5.3 Validate the caller's tenant as a lighter-weight alternative

Validating the JWT is the strongest control, but it requires a component that can verify a signed token. If you don't have infrastructure that can validate a JWT, you can still reduce risk with two simpler checks at your inbound component:

  • Restrict the source IP ranges to the Teams Required ranges (see Source IP ranges in 5.1), so that only the Bot Channel Adapter can reach your entry point.
  • Validate the caller's tenant ID. The Bot Channel Adapter includes the caller's tenant ID in the x-tenant-id header. Reject any request whose tenant ID isn't your own.
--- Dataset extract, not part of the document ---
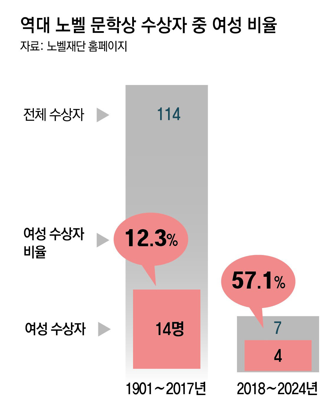 “2017년 스웨덴 한림원의 내부 성추문으로 2018년 시상이 취소된 적이 있다. 이후 한림원은 여성 위원 비율을 높이고 투명성을 강화해왔다. 현재 ‘문학위원회’도 남성 2명, 여성 3명으로 여성이 더 많다. 2019∼2024년 수상자 6명 가운데 여성은 3명으로 정확히 절반이란 점도 눈길을 끈다. 성별 순서도 남-여-남-여-남-여로 이어졌다.”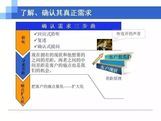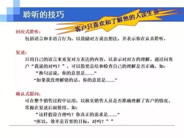 3、有效地引导客户说出销售代表要说出的话是一种对话技术。

A published agent's Teams app can be installed in any tenant, so requests from outside your organization can reach your endpoint before Foundry applies RBAC. Checking the tenant ID lets you drop calls from tenants you don't intend to serve. This combination is weaker than JWT validation, because any caller that reaches your endpoint can set a header. Pair it with the source IP restriction so that only the Bot Channel Adapter can present the header. Together, the two checks give customers without JWT-capable infrastructure a meaningful layer of defense.

Verify the published agent

  1. In Microsoft 365 Copilot or Microsoft Teams, open the agent store and find your agent. With Shared scope, it appears under Your agents. With Tenant scope, it appears under Built by your org after a Microsoft 365 admin approves it in the Microsoft 365 admin center.
  2. Start a conversation and send a message.
  3. Confirm the agent replies. A reply confirms that both the inbound path (channel adapter to agent) and the outbound path (agent reply to the channel) work.

Troubleshooting

Issue Cause Resolution
Publishing from the portal returns 403 Public network access is disabled, so the portal can't complete publishing Use the API-based flow in this article. You can also download the manifest .zip and create the agent from it in the Microsoft 365 admin center.
The channel adapter can't reach the agent DNS, DNAT, or TLS isn't configured Confirm your A record points to the firewall, the DNAT rule forwards port 443 to the reverse proxy, and the reverse proxy presents a certificate for your hostname.
The agent receives messages but never replies Outbound traffic is blocked Allow outbound access to smba.trafficmanager.net, login.microsoftonline.com, and login.botframework.com.
Requests reach the agent but are rejected Token validation fails Confirm the validate-jwt policy uses issuer https://api.botframework.com and an audience that matches your bot's Microsoft App ID.
Organization-scope agent doesn't appear Admin approval is pending Confirm an admin approved the agent in the Microsoft 365 admin center.